You set output.format: "json" but didn't provide a schema file.

# Fix: add schemaFile
expect:
  output:
    format: "json"
    schemaFile: "./schemas/response.json"

Provider errors

`Authentication failed`

Your API key is missing or invalid. Check:

The env var name in apiKeyEnv matches what you've exported
The key is set in your shell: echo $OPENAI_API_KEY
In CI, the secret is configured in your repo settings

# Verify the key is set
echo $OPENAI_API_KEY | head -c 10

`Rate limited`

You're sending too many requests. Reduce concurrency:

defaults:
  concurrency: 1

Or increase delay between requests by lowering concurrency and reducing repeat.

`Provider timeout`

The model took too long to respond. Increase the timeout:

defaults:
  timeoutMs: 120000  # 2 minutes

For large prompts or complex tool chains, 60 seconds (the default) may not be enough.

`Network error`

Can't reach the provider API. Check your internet connection and any proxy settings.

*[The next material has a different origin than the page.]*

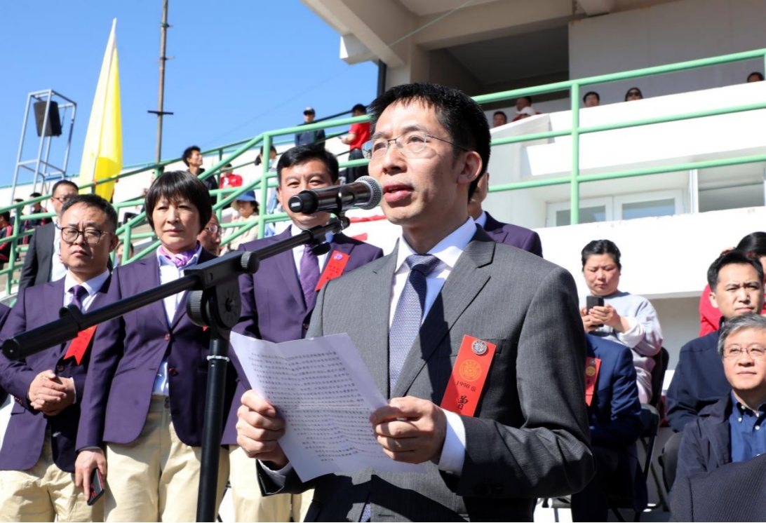 北京冬奥会志愿者、上一年度“马杯”乙组冠军环境学院2021级博士研究生郑铁代表运动员宣誓,体育部副教授冯宏鹏代表裁判员宣誓。

For Ollama, make sure the server is running:

ollama serve

Assertion failures

`TOOL_CALL_MISSING: Expected tool 'X' to be called`

The model didn't call the tool you expected. Common causes:

Tool not in tools list — the tool must be defined in the test's tools section for the model to know about it
Prompt doesn't instruct tool use — make sure your system prompt tells the model about available tools
Model chose not to call it — the model decided a direct response was better. Make the prompt more explicit about when to use tools.
Temperature too high — lower temperature for more predictable behavior

`TOOL_CALL_UNEXPECTED: Tool 'X' was called but shouldNotCall was set`

The model called a tool you explicitly forbid. This is usually a prompt issue — the model doesn't know it shouldn't call that tool, or the instruction isn't strong enough.

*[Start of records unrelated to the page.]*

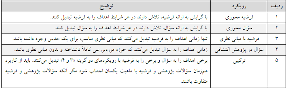 حال این سوال مطرح می شود که چه موقع از سوال و چه موقع از فرضیه باید استفاده کرد؟ پاسخ به این سوال اغلب با اختلاف نظرهایی بین اساتید و محققان مختلف روبرو است و می توان انواع رویکردها و نظرات را در این رابطه در جدول زیر مشاهده کرد.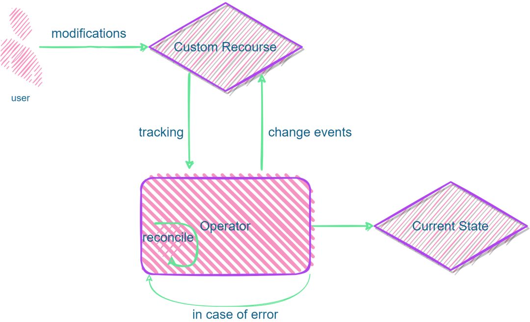 所以我们在声明完成CRD之后,也需要创建一个控制器,即Operator,来完成对应的控制逻辑。在了解了Operator的概念和控制器模式后,我们来看看Operator是如何工作的。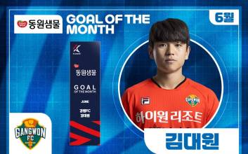 전북 현대 전진우가 2025시즌 5월 K리그 ‘안심을 마시다 동원샘물 이달의 골’을 수상했다. K리그 5월의 선수상까지 차지한 그는 본인이 왜 대세인지를 증명했다.동원F&B가 후원하는 ‘안심을 마시다 동원샘물 이달의 골'은 매월 가장 인상 깊은 득점을 터뜨린 선수에게 수여하는 상이다. 두 명의 후보를 대상으로 K리그 멤버십 어플리케이션 ’Kick’을 통한 팬 투표를 진행해 수상자를 결정한다. 투표는 가입자당 기간 내 1일 1회씩, 총 3회 참여할 수 있다.5월 ‘이달의 골’은 K리그1 11~17라운드 경기를 대상으로 했고, 후보는 전북 전진우와 포항 스틸러스 이호재였다.전진우는 16라운드 대구전에서 후반 20분 날카로운 돌파로 상대 수비를 무너뜨린 후 강력한 오른발 슛을 성공시키며 상대 골문을 갈랐다. 이호재는 13라운드 수원FC전에서 후반 시작 직후 강력한 터닝슛을 꽂아 넣으며 5월 이달의 골 후보에 올랐다.‘Kick’ 팬 투표는 이번 달 11일(수)부터 13일(금)까지 3일간 실시했다. 그 결과 전진우가 6614표(80%)를 받아 1700표(20%)를 받은 이호재를 제치고 ‘5월 이달의 골’을 차지했다. 전진우에게는 상금 100만 원과 함께 트로피가 주어진다. 연맹은 올 시즌부터 이달의 골 수상자의 친필 사인을 받은 레플리카 트로피를 제작해 기부 경매를 진행하고 있다.동원F&B의 먹는샘물 브랜드 동원샘물은 경기도 연천군, 충북 괴산군, 전북 완주군 등의 청정지역 심층 암반수를 취수해 천연 미네랄이 풍부한 친환경 생수다. 동원F&B는 자체 캐릭터인 ‘건강수’를 통해 SNS에서 MZ세대와 소통하고 있으며 공병 경량화, 무라벨 도입 등 친환경 요소를 강화하는 ESG 경영에도 앞장서고 있다.김희웅 기자

Fix: strengthen the system prompt, or add explicit instructions like "Never call process_refund without manager approval."

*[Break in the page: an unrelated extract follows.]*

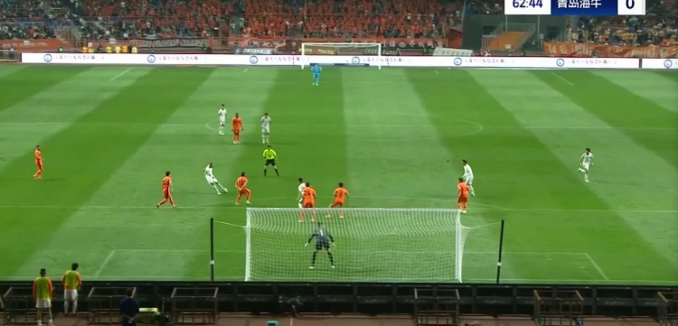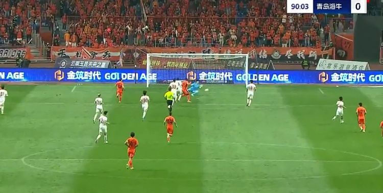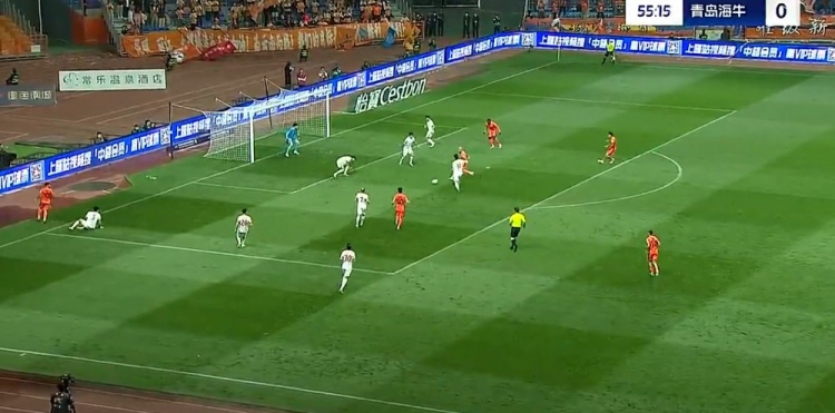 第56分钟,约尼查左路低平球传中,恩里克禁区内打门角度太正被牟鹏飞化解。↓

`TOOL_CALL_ARGS_MISMATCH: Expected args {...} but got {...}`

The model called the right tool with wrong arguments. Check:

The argsMatch values are what the model would reasonably extract from the user message
You're using partial matching — argsMatch only checks the keys you specify, extra keys are fine
The argument types match — "123" (string) vs 123 (number)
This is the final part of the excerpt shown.